Quali configurazioni sono esposte
La falla non colpisce tutte le installazioni ASA o FTD allo stesso modo. Il bollettino di Cisco circoscrive l'esposizione ai dispositivi con SSL VPN attiva, VPN ad accesso remoto IKEv2 configurata con servizi client, oppure Zero Trust Network Access abilitato: configurazioni pensate proprio per consentire a dipendenti e collaboratori remoti di raggiungere le risorse interne. Un dispositivo privo di queste funzioni, che opera esclusivamente come firewall site-to-site senza VPN ad accesso remoto, non è esposto da questo bug specifico.
Il codice vulnerabile attraversa più rami di rilascio ASA e FTD attualmente distribuiti, motivo per cui Cisco non offre una scorciatoia di mitigazione legata a una versione specifica, ma indirizza ogni cliente interessato direttamente alle build già corrette. Dato quanto spesso SSL VPN e IKEv2 ad accesso remoto siano attivi proprio perché un'organizzazione ne ha bisogno per una forza lavoro ibrida, tra le installazioni europee che usano ASA o FTD al perimetro l'esposizione pratica è probabilmente la regola, non l'eccezione.

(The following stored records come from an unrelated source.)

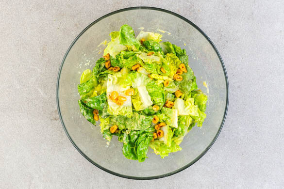 Den Romanasalat mit den gebratenen Maiskörnern und der Vinaigrette vermengen. Den Salat auf Teller verteilen, das Fleisch darauf anrichten und mit dem restlichen Käse garniert servieren.
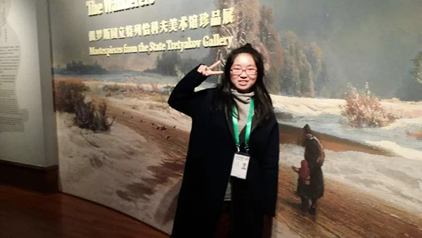 大二寒假,她参加了上海博物馆“巡回展览画派:俄罗斯国立特列恰科夫美术馆珍品展”义务导览的志愿者工作,整整七天,每天七个小时的讲解工作,虽然辛苦,她却称这样的体验“甘之如饴”。
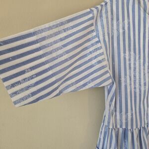KEYLOUN Vintage Women's Midi Dress Cottage Core Striped Blue White Size M

Altre due falle nello stesso lotto KEV
L'11 agosto CISA non ha aggiunto solo il CVE-2026-20349. Lo stesso lotto includeva il CVE-2026-68820, una use-after-free nell'Ancillary Function Driver di Windows per WinSock che consente a un attaccante locale di elevare i propri privilegi fino a SYSTEM, e che i ricercatori hanno collegato al gruppo nordcoreano Lazarus nell'ambito della diffusione del suo rootkit FudModule. Comprendeva anche il CVE-2026-72898, una SQL injection nella piattaforma di business intelligence Metabase con il punteggio massimo di CVSS 10,0, sfruttabile senza autenticazione tramite l'endpoint di reset della password per ottenere il pieno accesso da amministratore, e da lì ogni credenziale di database che Metabase custodisce per i sistemi a cui si collega.
Tre prodotti senza alcun legame tra loro, tre profili di attaccante diversi, un unico lotto KEV in un solo giorno. Ed è proprio questo lo schema che conta: il catalogo di CISA non segue un'unica campagna, ma tutto ciò che gli attaccanti stanno usando in un dato momento contro qualsiasi software offra loro la via d'accesso più rapida, che passi per il servizio VPN di un firewall, un driver del kernel di Windows o il modulo di reset password di una dashboard.
La checklist per chi gestisce l'infrastruttura
Se la vostra organizzazione utilizza Cisco ASA o FTD in un qualunque punto del perimetro di rete, il primo compito non è leggere il bollettino, ma verificare la configurazione. Controllate se su ciascuna appliance sono attivi SSL VPN, VPN ad accesso remoto IKEv2 con servizi client, oppure Zero Trust Network Access, perché è questa risposta a stabilire se la falla vi riguardi o meno. Se anche una sola di queste funzioni è attiva, trattate la patch come dovuta secondo i tempi di CISA, non secondo la prossima finestra di manutenzione trimestrale prevista dal vostro normale processo di change management.
Si tratta di una vulnerabilità distinta dalla falla nelle credenziali del Cisco Secure Firewall Management Center che CISA ha aggiunto allo stesso catalogo nel luglio 2026, e distinta ancora dal bug SNMP vecchio di diciotto anni segnalato il mese precedente. Tre voci Cisco separate nel catalogo KEV nel giro di sei settimane non sono una coincidenza da ignorare: sono un motivo per collocare stabilmente i dispositivi perimetrali Cisco in cima alla coda delle patch, come politica permanente e non come risposta isolata a questo singolo bollettino.